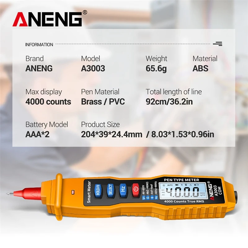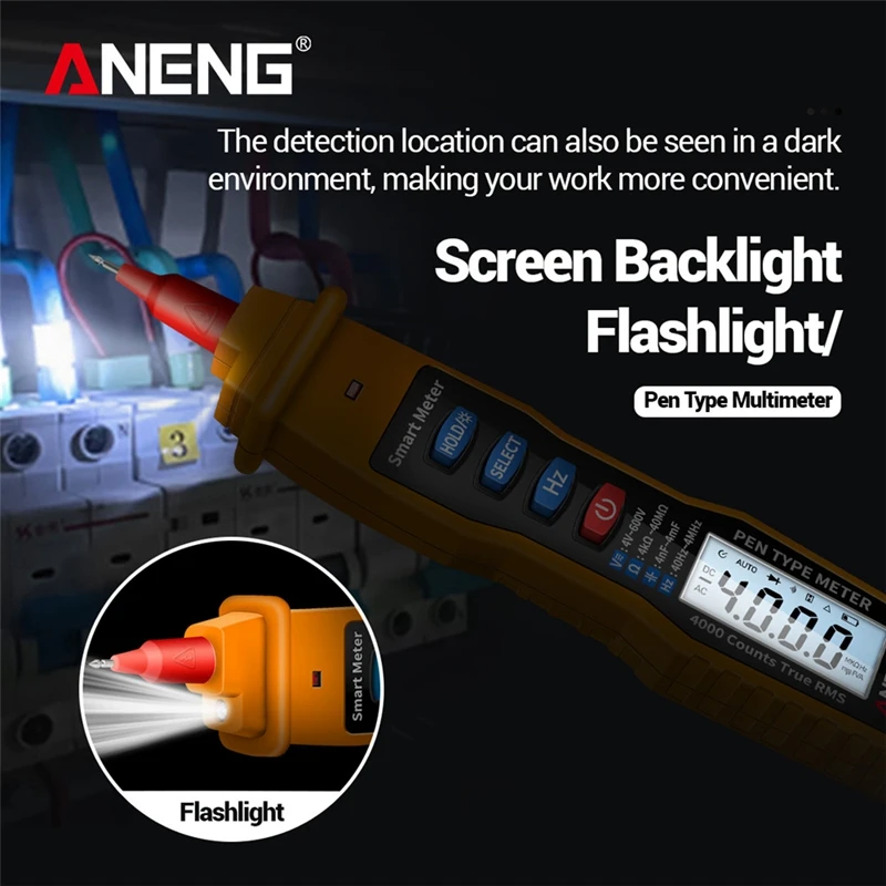 Цифровой мультиметр ANENG A3003 в виде ручки, 4000 отсчетов, бесконтактный Тестер переменногопостоянного напряжения, сопротивления, емкости, Гц
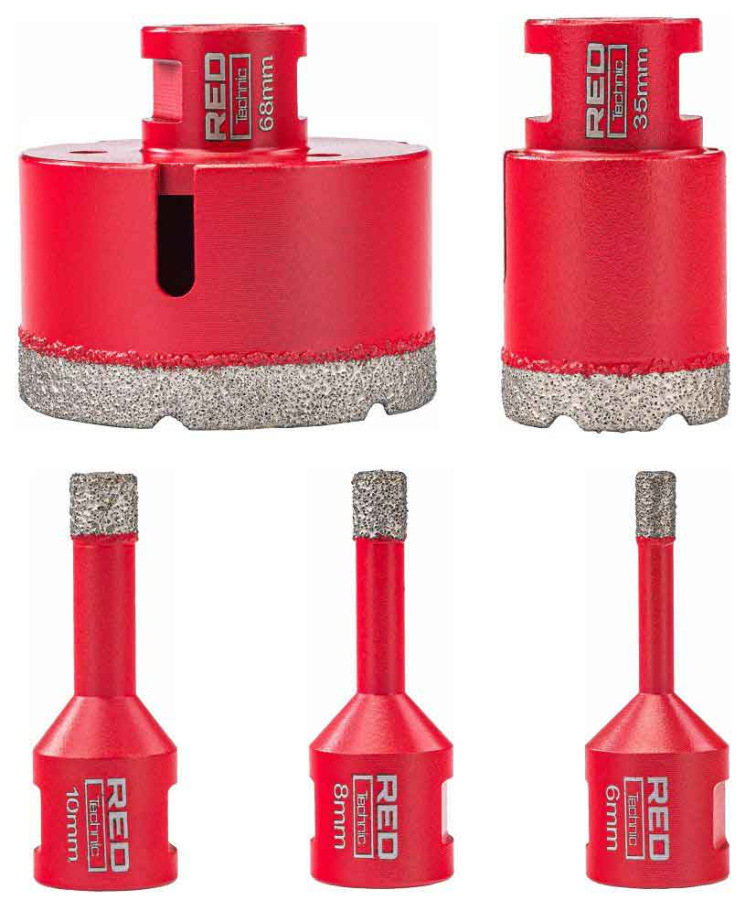 Sada diamantových koruniek, závit M14, rozmery 6,8,10,35,68 mm, RED TECHNIK
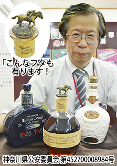 レミ・マルタンのルイ13世やヘネシーのエクストラは高値のつく可能性があるほか、写真のような珍しい容器入りのお酒も大歓迎だとか(ワインは買取り不可)。
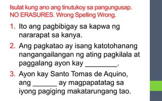Ano ang kahulugan ng katarungan aoyn kay sto.tomas de aquino. Pages 5 This preview shows page 3 - 4 out of 5 pages. Ang prinsipyo ng proportio ni Tomas De Aquino ay pagkakaroon ng pantay na distribusyon batay sa pangangailangan ng indibidwal at batay sa kakayahan lumahok nito sa produksyon. Course Title ECON 400.
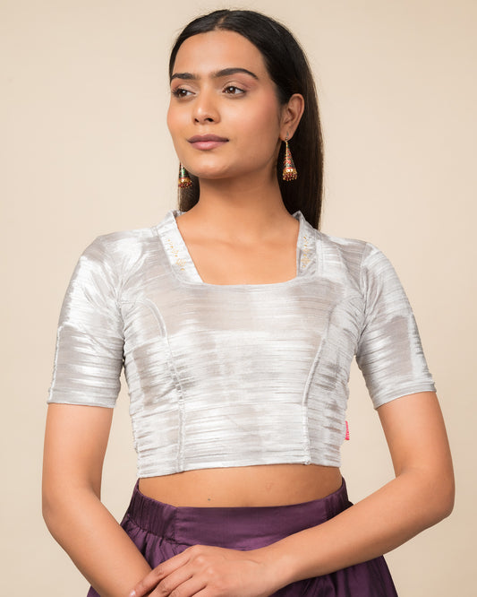 Asha Gray Velvet Square Neck Blouse with Stone Collar & Pleats – Readymade Festivewear
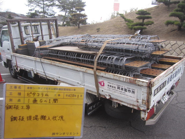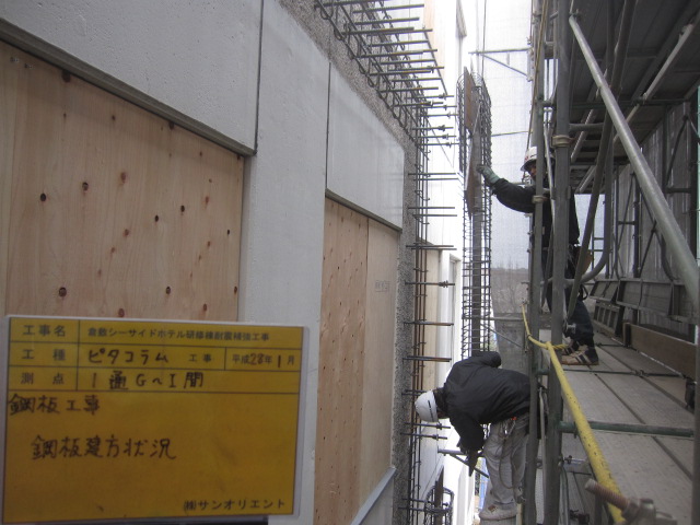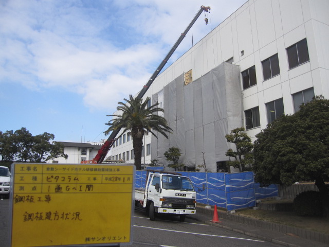 倉敷シーサイドホテル研修棟耐震補強工事 ピタコラム鋼板建方!
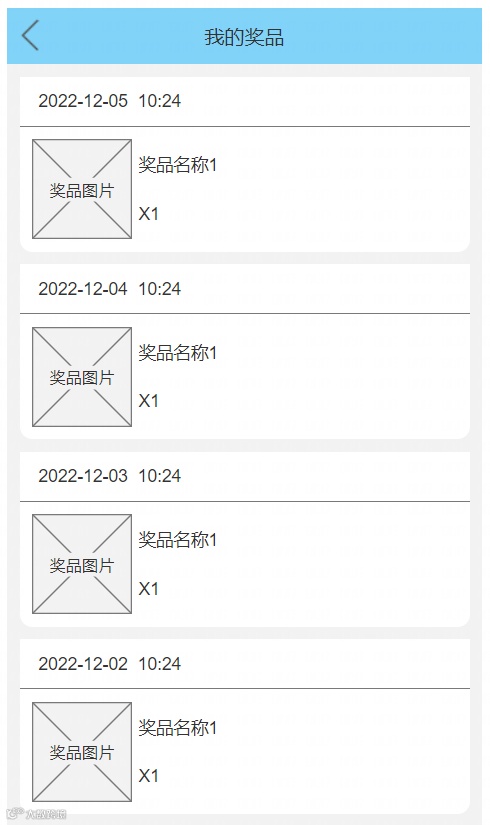 我的奖品页面包含:中奖时间、奖品图片、奖品名称和奖品数量; -
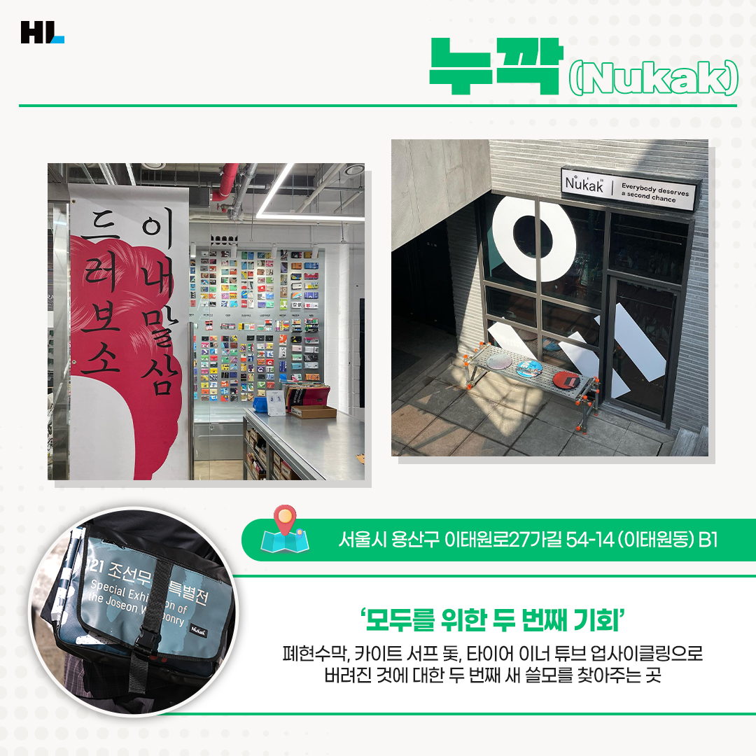 이태원동에 위치한 누깍(Nukak)은 버려진 폐현수막, 카이트 서프 돛, 타이어 이너 튜브를 활용한 세상에 단 하나뿐인 힙한 아이템들을 만날 수 있는 곳입니다.

* INSTRUCTIONS TO FOLLOW
Copy the listing exactly. No images belong in the copy.

* ANSWER TO THIS TASK
 Цифровой мультиметр ANENG A3003 в виде ручки, 4000 отсчетов, бесконтактный Тестер переменногопостоянного напряжения, сопротивления, емкости, Гц
 Sada diamantových koruniek, závit M14, rozmery 6,8,10,35,68 mm, RED TECHNIK
 レミ・マルタンのルイ13世やヘネシーのエクストラは高値のつく可能性があるほか、写真のような珍しい容器入りのお酒も大歓迎だとか(ワインは買取り不可)。
Ano ang kahulugan ng katarungan aoyn kay sto.tomas de aquino. Pages 5 This preview shows page 3 - 4 out of 5 pages. Ang prinsipyo ng proportio ni Tomas De Aquino ay pagkakaroon ng pantay na distribusyon batay sa pangangailangan ng indibidwal at batay sa kakayahan lumahok nito sa produksyon. Course Title ECON 400.
 Asha Gray Velvet Square Neck Blouse with Stone Collar & Pleats – Readymade Festivewear
 倉敷シーサイドホテル研修棟耐震補強工事 ピタコラム鋼板建方!
 我的奖品页面包含:中奖时间、奖品图片、奖品名称和奖品数量; -
 이태원동에 위치한 누깍(Nukak)은 버려진 폐현수막, 카이트 서프 돛, 타이어 이너 튜브를 활용한 세상에 단 하나뿐인 힙한 아이템들을 만날 수 있는 곳입니다.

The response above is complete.